The agency’s decision is supported by a damning evidence base. Why did it take so long?
The The Food and Drug Administration is facing backlash from anti-vaping members of Congress and other public health activists for officially approving an e-cigarette as “appropriate for the protection of public health.”
The FDA’s decision to approve the Vuse Solo e-cigarette last month is historic: it is the first time that the leading United States public health agency has officially recognized the potential of e-cigarettes to help smokers quit smoking. to smoke.
“The manufacturer’s data demonstrates that its tobacco flavored products could benefit addicted adult smokers who switch to these products – either completely or with a significant reduction in cigarette consumption,” said Mitch Zeller, director of the Center for Tobacco Products. of the FDA.
The FDA’s decision is both welcome and belated. Indeed, it has been clear for many years that electronic cigarettes are considerably safer than combustible cigarettes; the evidence base that supports it is overwhelming to boot. The United States, however, has always lagged behind other countries – such as the United Kingdom, France and New Zealand – in recognizing the science of tobacco harm reduction.
Yet rather than follow the advice of the FDA – and listen to the science about the potentially life-saving benefits of e-cigarette products – anti-vaping advocates have accused the agency of making a terrible choice.
For years the media have been pushing scary stories about electronic cigarettes; anti-vaping activists have done the same, casting doubt on the minds of voters and lawmakers as to whether these products are really safer than smoking. FDA approval of Vuse should put an end to the alarmism and disinformation that has plagued this subject.
Unfortunately, this will not be the case. Take the vaping opponents in Congress, who seem to completely reject the evidence.

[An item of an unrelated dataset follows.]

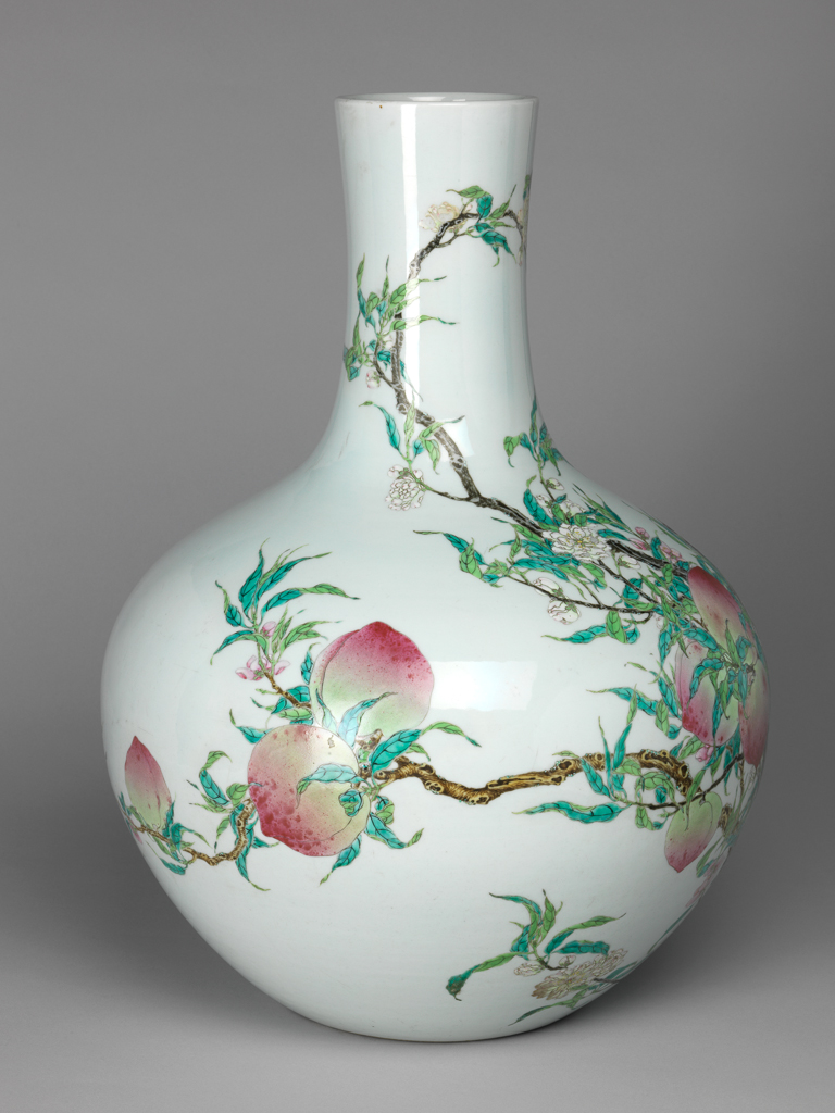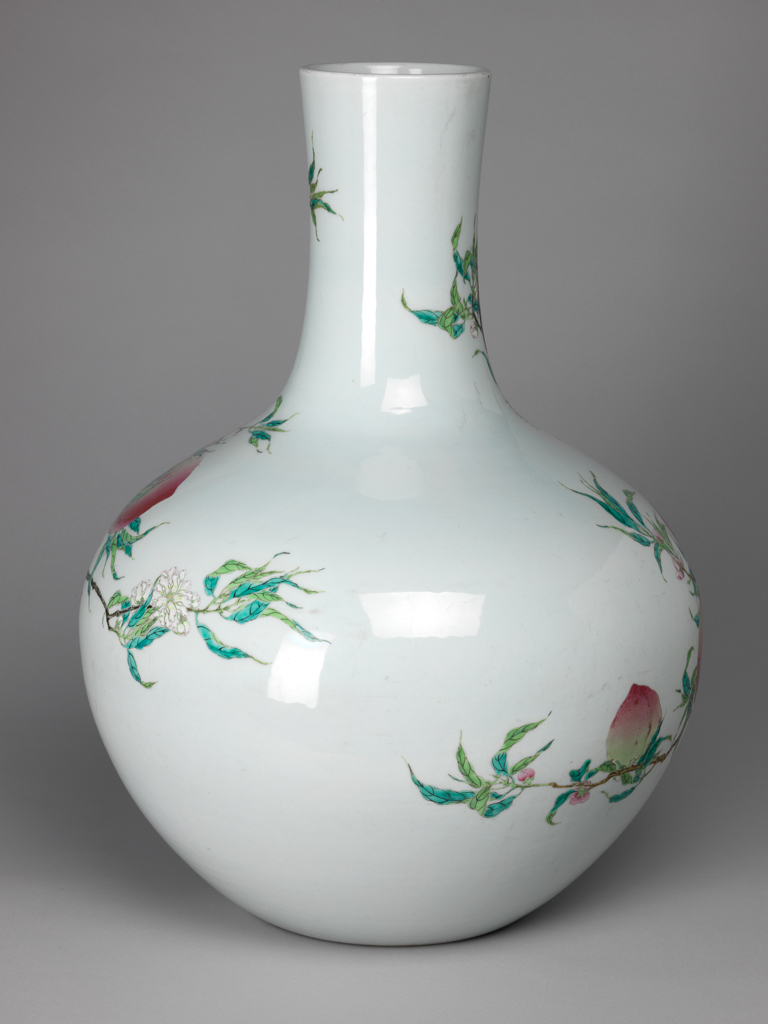 清代粉彩寿桃纹天球瓶

“While I am glad that the FDA has refused the manufacturer’s requests to market certain flavors, I remain concerned given the popularity of this product with young people,” said representative Frank Pallone (D., NJ), co -sponsor of the Tobacco Control Act 2009 (TCA), which made the FDA responsible for approving vaping products.
Senate Majority Whip Dick Durbin (D., Ill.), Who is now concerning on “how the agency applies its risk management framework”.
The most brazen denunciation since the FDA decision has come from Representative Raja Krishnamoorthi (D., Ill.). “The FDA has turned its back on public health by approving a high nicotine e-cigarette,” the congressman said in a press release. “[The agency] ignored the data and missed another opportunity to tackle the youth vaping epidemic. “
Preventing smoking among minors is, of course, a laudable goal. But what the congressman and others forget to mention is that youth vaping had a downward trend before the pandemic and has declined by 60% in the past two years. In addition, the use by young people of the newly approved Vuse Solo products is so low that it cannot be reliably measured. A recent FDA survey showed that just over 1% of all high school students have used Vuse products in the past 30 days.
Anti-vaping activists increasingly seem to be waging yesterday’s war.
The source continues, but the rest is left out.